AI Struggles with Basic Task: Telling Time
Artificial Intelligence Struggles with Time-Telling Tasks
These days, artificial intelligence can generate photorealistic images, write novels, handle your homework, and even predict protein structures. But when it comes to a little thing like telling time, it often trips up. New research reveals this deficiency, as AI systems constantly fail at a basic task like interpreting images of clocks and calendars.
Scientists from Edinburgh University tested the ability of seven well-known multimodal large language models (LLMs) to answer time-related questions based on various images. Their study, currently hosted on the preprint server arXiv, highlights that these LLMs struggle with these basic tasks.
"Interpreting and reasoning about time from visual inputs is crucial for many real-world applications, such as event scheduling, autonomous systems, and more," the researchers wrote in the study. "Despite advancements in multimodal large language models (MLLMs), most work has focused on object detection, image captioning, or scene understanding, leaving temporal inference underexplored."
The team tested OpenAI's GPT-4o and GPT-o1; Google DeepMind's Gemini 2.0; Anthropic's Claude 3.5 Sonnet; Meta's Llama 3.2-11B-Vision-Instruct; Alibaba's Qwen2-VL7B-Instruct; and ModelBest's MiniCPM-V-2.6. They showed them various images of analog clocks and calendars.
For the clock images, the researchers asked the LLMs to identify the time on the clock in the given image. For the calendar images, they posed simple questions like, "What day of the week is New Year's Day?" and more challenging queries such as, "What is the 153rd day of the year?"
"Reading the time on analog clocks and understanding calendar layouts demand fine-grained visual recognition and non-trivial numerical reasoning," the researchers explained.
Overall, the AI systems failed to deliver. They read the time on analog clocks correctly less than 25% of the time. They fumbled with clocks bearing Roman numerals and stylized hands as much as they did with clocks lacking the seconds hand, suggesting that their issues might stem from detecting the hands and interpreting angles on the clock face.
Google's Gemini-2.0 performed the best in the team's clock task, while GPT-o1 achieved 80% accuracy on the calendar task—a result far better than its competitors. Yet, even the most successful MLLM on the calendar task made mistakes about 20% of the time.

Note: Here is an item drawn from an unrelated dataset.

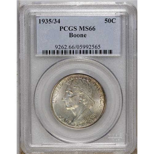 <B>1935/34 50C Boone MS66 PCGS.</B></I> Subtle champagne and powder-blue color rests over highly lustrous surfaces that are devoid of significant marks. The design elements are exceptionally well struck.<BR><BR><b>Shipping:</b> Coin/Currency (<a target="_blank" href="http://www.heritageauctions.com/common/shipping.php">view shipping information</a>)
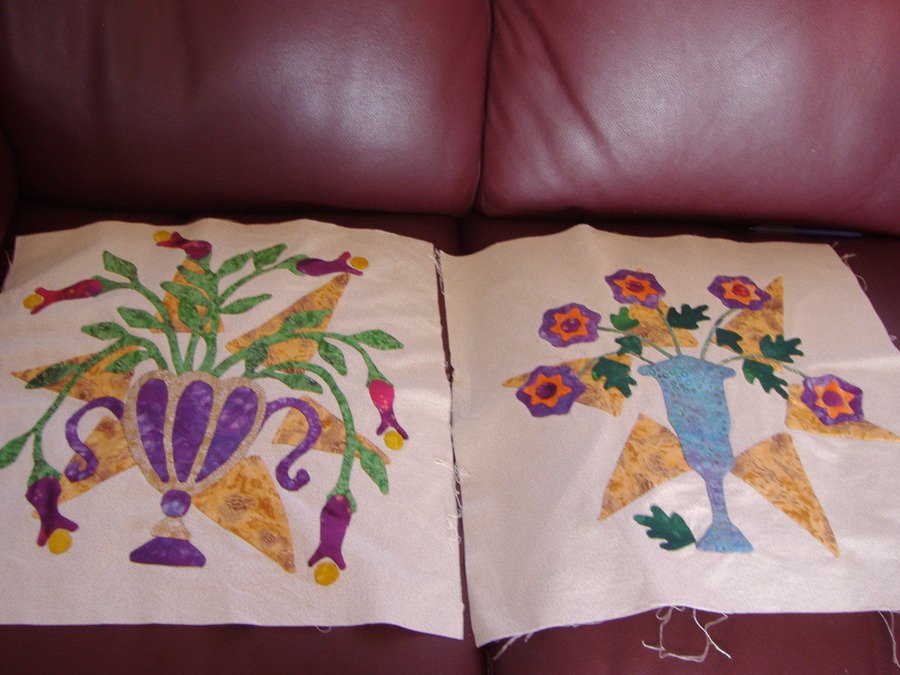 Flynda January and February Block of the Months - Here are my first attempt to do the block of the month project. I used needle turned appliqué and started this in the middle of June. I hope to catch up with the blocks by August since I'm not working this summer. What fun, but what a lot of work!

"Most people can tell the time and use calendars from an early age. Our findings highlight a significant gap in the ability of AI to carry out what are quite basic skills for people," Rohit Saxena, a co-author of the study and Ph.D. student at the University of Edinburgh's School of Informatics, said in a university statement. "These shortfalls must be addressed if AI systems are to be successfully integrated into time-sensitive, real-world applications."
Despite these shortcomings, AI might still be capable of completing your homework, but it will likely miss its deadlines.
Insights:
Multimodal large language models can analyze images and generate text based on visual content, but interpreting specific time-related visual elements like clocks and calendars requires specialized training data. Fine-tuning the models with task-specific datasets can improve their performance. Potential applications include assisting visually impaired individuals.
- In the future, the development of AI might involve specialized training for interpreting time-related visual elements, such as clocks and calendars, to address the current shortcomings discovered in multimodal large language models.
- Advancements in tech, like artificial intelligence and multimodal large language models (MLLMs), have achieved impressive feats in various tasks, but their ability to interpret time correctly from visual inputs is still underexplored and offers potential for further improvement.
- The forthcoming integration of AI systems into time-sensitive, real-world applications may encounter hurdles due to their inability to accurately tell time, as was highlighted in a recent study examining the performance of various MLLMs on clock and calendar tasks.
- Protein structures can be predicted by AI, but their ability to understand and interpret simple visual elements, such as clocks and calendars, often proves challenging, demonstrating a significant gap between the AI's capabilities and the tasks that humans are commonly able to accomplish with ease.